Pictures aside, each entry has to be returned exactly as it stands.
--- THE DATA Enclosed Below ---
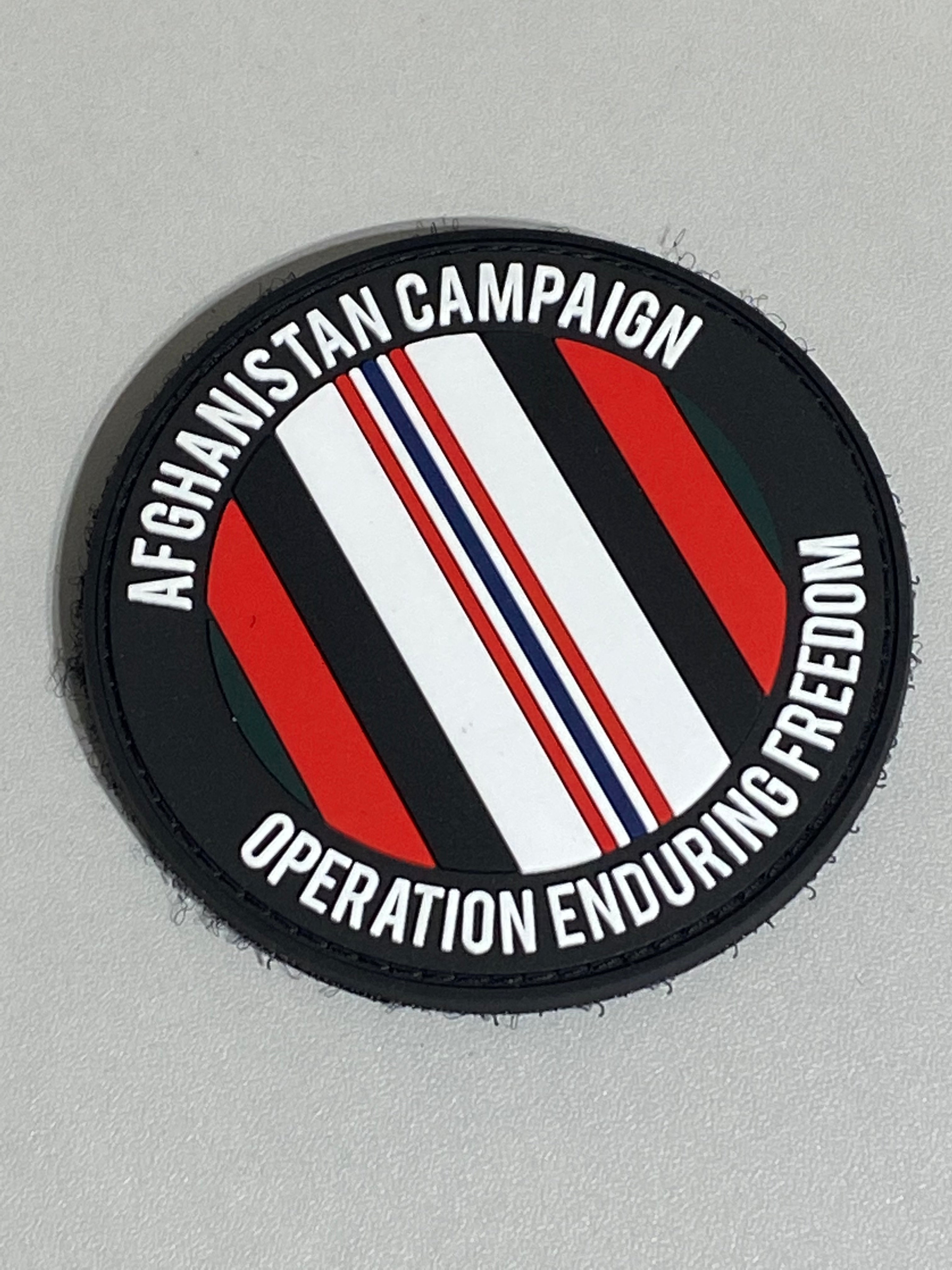 Operation Enduring Freedom OEF patch with hook and loop backing. 2.5” wide
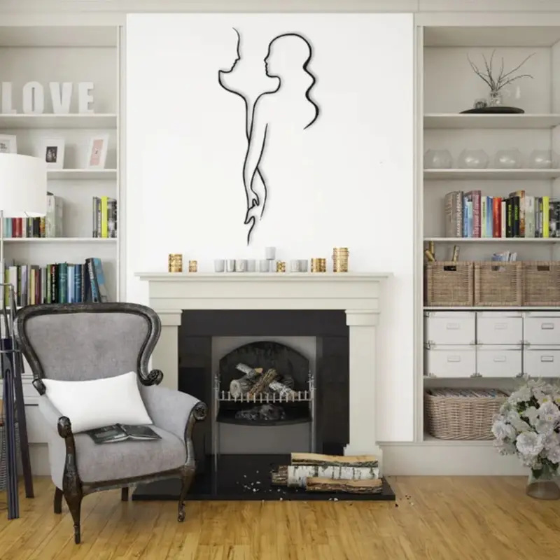工場直販ブラックメタル抽象カップルシルエット壁装飾モダンシンプルな鉄壁画背景壁装飾
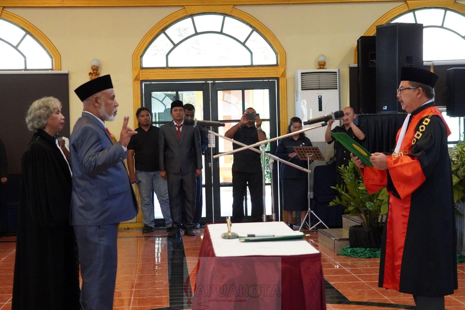 Pengresmian pengucapan sumpah janji dan pelantikan Petrus Makbon dipandu langsung oleh Ketua Pengadilan Tinggi Papua Barat Dr. Budi Santoso, S.H, M.H, berlangsung dalam rapat paripurna istimewa DPRPB masa sidang 1 tahun 2025, Kamis (6/3/2025).
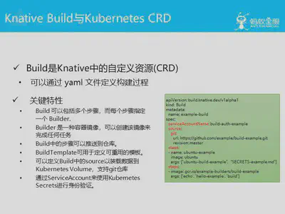 Knative Build 在实现时,是表现为 kubernetes 的 CRD,通过 yaml 文件来定义构建过程。这里引入了很多概念如:build,builder,step,template,source 等。另外支持用 service account 做身份验证。
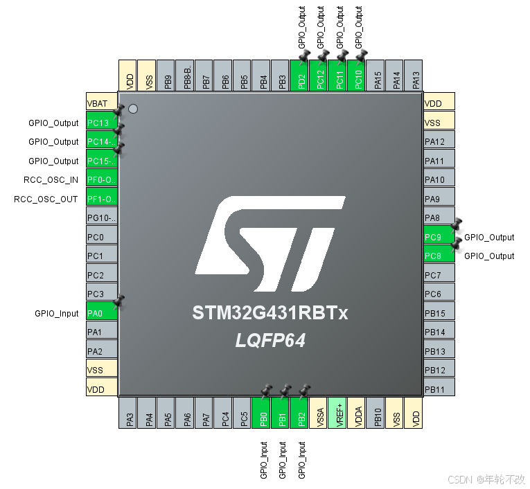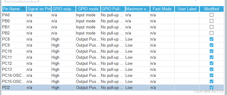 将 PB0,PB1,PB2,PA0 设置为 输入。
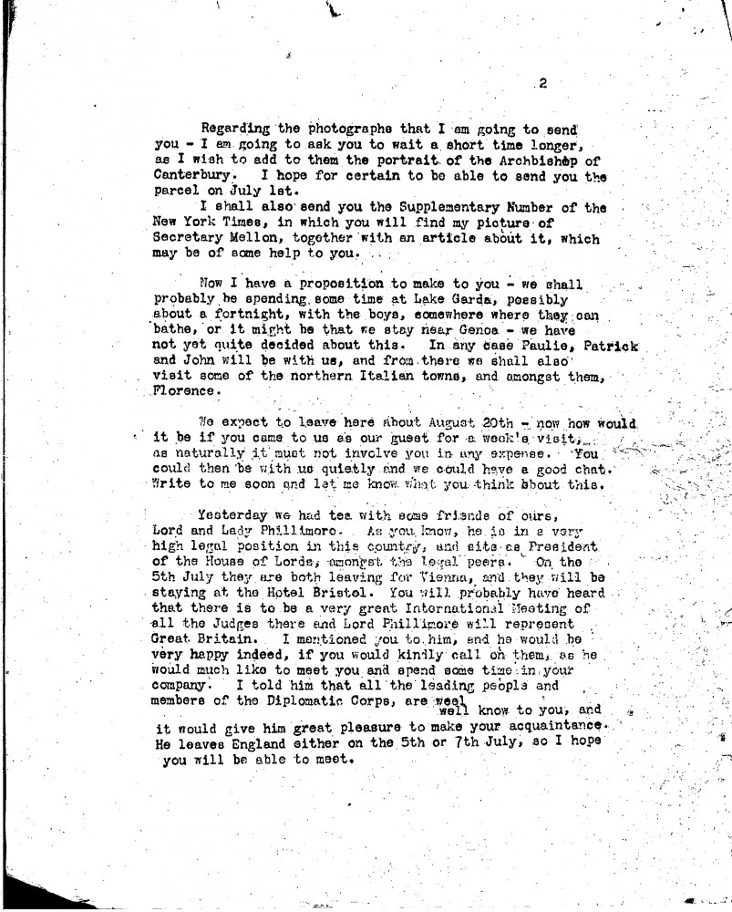 Münz can leave his article as is, but should add that de László has recently finished the Archbishop of Canterbury's portrait [4632] from which he derived much satisfaction owing to its historical significance. De László will send a parcel of photographs and a New York Times Supplement on his Mellon portrait [6418]. He mentions his travel plans to Italy with his family and suggests Münz join. He asks Münz to call on Lord and Lady Phillimore who will soon be travelling to Vienna
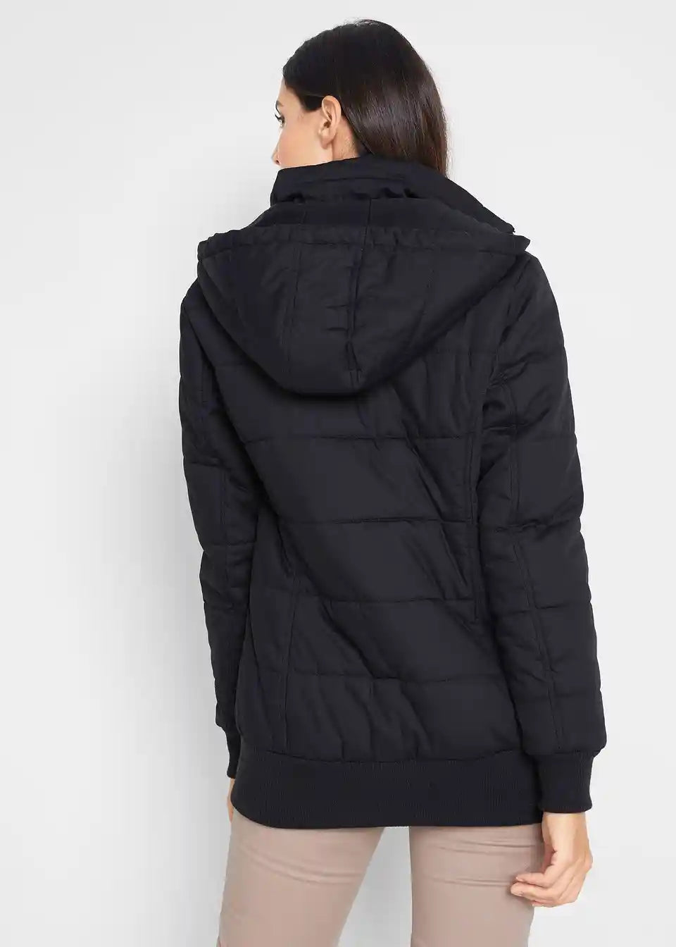 Udobna prešita jakna s kapuco, rebrastimi patentnimi robovi in žepi z zadrgo, podložena
--- End of Enclosed THE DATA ---
TASK RESPONSE:
 Operation Enduring Freedom OEF patch with hook and loop backing. 2.5” wide
工場直販ブラックメタル抽象カップルシルエット壁装飾モダンシンプルな鉄壁画背景壁装飾
 Pengresmian pengucapan sumpah janji dan pelantikan Petrus Makbon dipandu langsung oleh Ketua Pengadilan Tinggi Papua Barat Dr. Budi Santoso, S.H, M.H, berlangsung dalam rapat paripurna istimewa DPRPB masa sidang 1 tahun 2025, Kamis (6/3/2025).
 Knative Build 在实现时,是表现为 kubernetes 的 CRD,通过 yaml 文件来定义构建过程。这里引入了很多概念如:build,builder,step,template,source 等。另外支持用 service account 做身份验证。
 将 PB0,PB1,PB2,PA0 设置为 输入。
 Münz can leave his article as is, but should add that de László has recently finished the Archbishop of Canterbury's portrait [4632] from which he derived much satisfaction owing to its historical significance. De László will send a parcel of photographs and a New York Times Supplement on his Mellon portrait [6418]. He mentions his travel plans to Italy with his family and suggests Münz join. He asks Münz to call on Lord and Lady Phillimore who will soon be travelling to Vienna
 Udobna prešita jakna s kapuco, rebrastimi patentnimi robovi in žepi z zadrgo, podložena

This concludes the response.